Some days/months are harder to fill that gap than others- on the other side here's 2 stories:

1. My dh mentionned last night about an aquaintance who had split up with his wife. They had 3 kids - the 18 year old, and 2 younger kids,one of whom has downs and the other something like cerebral palsy!! Imagine coping with that too!!

2. I was in M&S  the other day waiting at the checkout when i noticed this woman holding a baby.At first i thought (as usual) "Lucky you"!! However on 2nd glance She looked really knackered and her dh stormed off on her when she seemed to be saying "No" just once too often to whatever he was suggesting!! So i suppose all is not rosy in parents gardens too!! (as i know with a teenager around).

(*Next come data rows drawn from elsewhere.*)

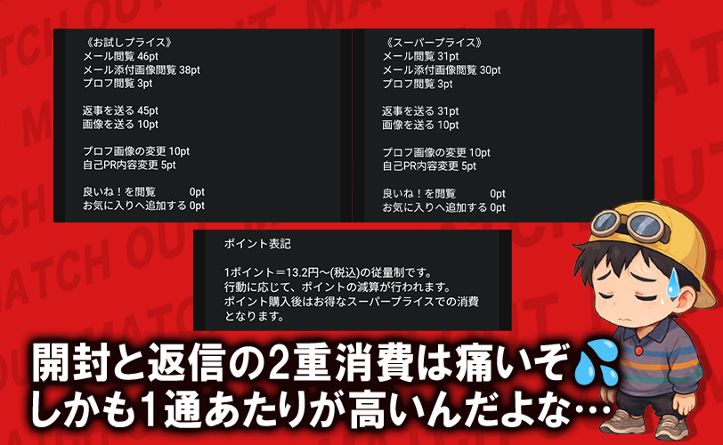 特に、画像の閲覧や送信にもポイントが必要な点は、課金がかさみやすい仕組みと言えるな。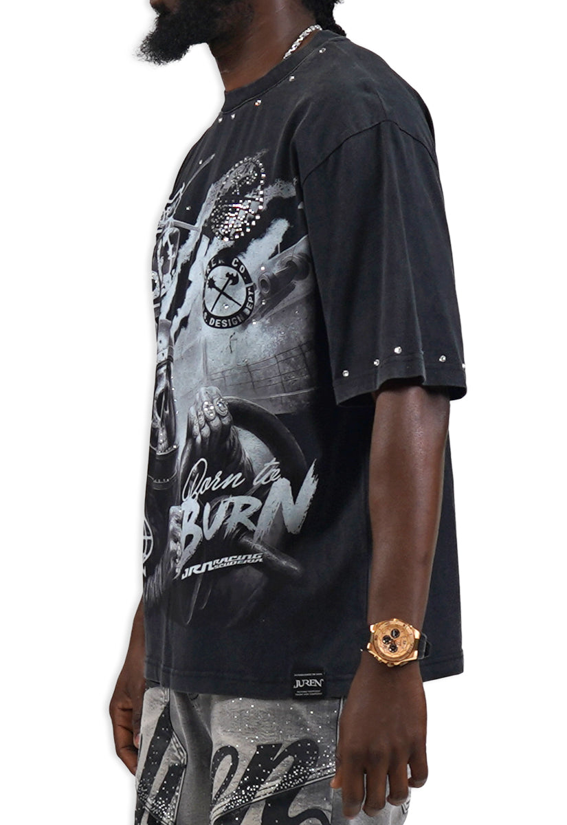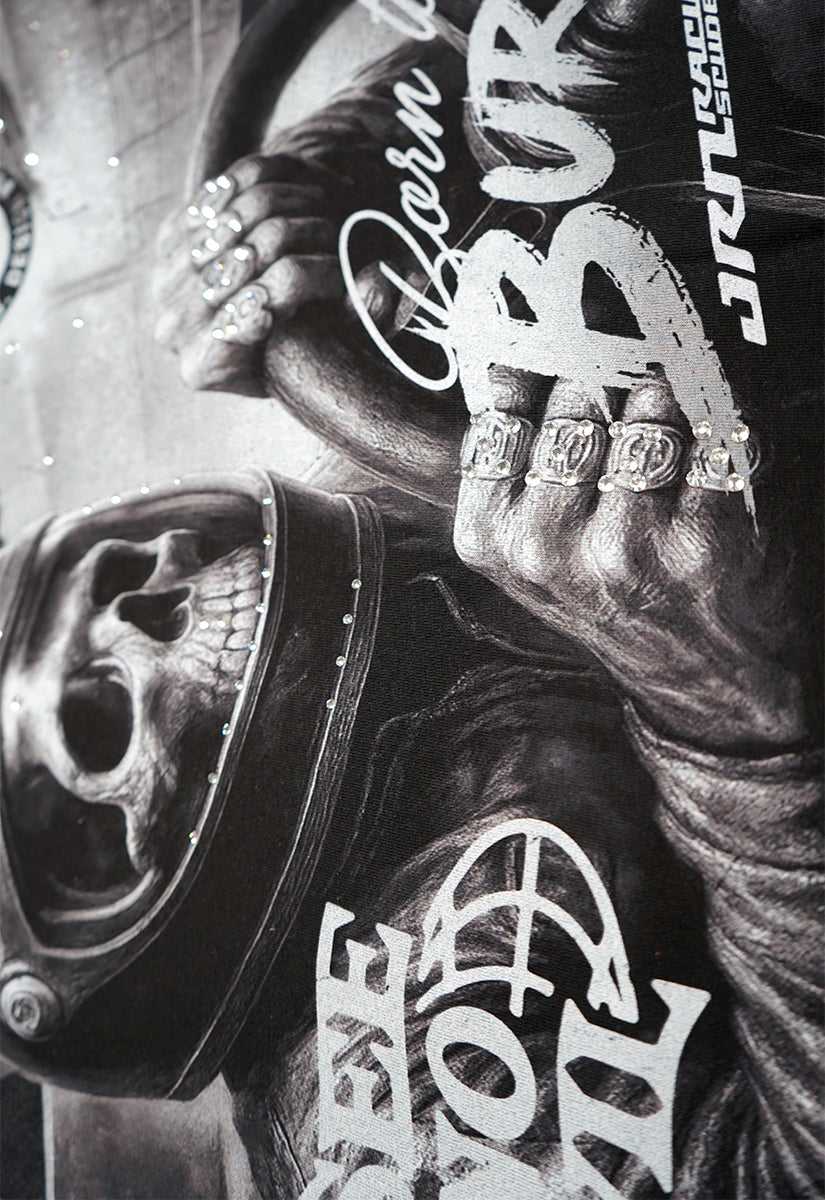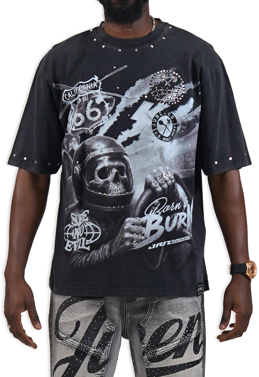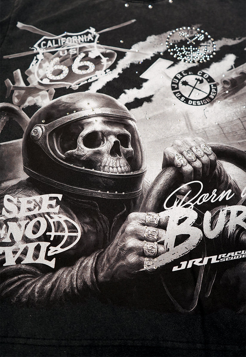 Born to Burn Washed Black Shirt This premium black wash shirt showcases an intricate design narrative that appeals to automotive enthusiasts and bold fashion statements. The front features a dynamic skull race car driver gripping a steering wheel, complemented by the iconic California Route 66 emblem and a helicopter silhouette overhead. The "Born to Burn" and "See No Evil" messaging establishes an edgy aesthetic that resonates with those who embrace high-octane lifestyle imagery. Crafted with meticulous embellishment, the design incorporates white rhinestones outlining the "66" numeral and skull helmet, creating striking visual contrast against the black fabric. The Juren globe logo appears on the upper left chest in matching white rhinestones, while white rhinestone accents frame the collar and sleeve hems for refined detailing. The back panel commands attention with an oversized "Born to Burn" graphic, where the word "Burn" is highlighted in white rhinestones. The JRN racing logos at the base complete the design in white screen printing, tying together a cohesive racing-inspired narrative. This shirt merges streetwear attitude with quality craftsmanship, making it an ideal choice for those seeking distinctive apparel that tells a story through bold graphics and premium embellishment.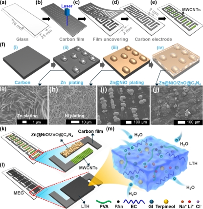 针对水伏器件在低温环境下易结冰、离子迁移受阻的难题,课题组提出“激光雕刻hygroscopic hydrogel阵列”方案,开发出可在零下环境工作的MEG。器件以激光雕刻碳膜为电路框架,改性低温水凝胶为吸湿材料,构建不对称电极,并创新性引入“振荡电路理论”解释吸湿-蒸发-离子迁移对输出电流的影响。

So i guess we just try and make ourselves feel better by enjoying the things we do like doing to the full interspersed with filling the gaps when we are really struggling.Anyone else got magic suggestions??


----------



## NixNoo (Aug 19, 2005)

Astrid – I know what you mean about your pet, I often wonder how I’ll be when our darling surrogate baby goes.  I know it’s not the same but it’s somehow the closest thing we have to babying something.

I think society has a lot to do with the way we feel, it’s almost like the magazines portraying the stick models that we are all brainwashed into thinking are the norm, so if we’re over a size zero we must all be obese! Are we all supposed to be sheep following the same track cos life really isn’t like that.

I’ve also wondered many times whether I have just missed being pg or whether I’ve actually missed being a mother?  But then again, maybe I, (like all of us) just scrutinise everything due to IF.

I do think time makes things easier but I still worry that it’s only for ‘now’ that it’s easier, and being as my DH is 9 years older than me, I constantly worry about being on my own but then feel annoyed because bringing children into the world shouldn’t be to stop my loneliness.  I also worry that the ‘hole’ that needs filling will be bigger if anything happens to him or my parents (my mum in particular) and that I must search for things to fill it quick.  Having said that, I guess it’s them that I have filled it with.  I try to support my mum as much as possible as my dad is disabled and also now has dementia and I guess out of my 2 sisters and brother, I tend to take over as I’m the only one without children.  My DH looks to me for support now that his parents have gone especially as he had such a bad time looking after his mum for years.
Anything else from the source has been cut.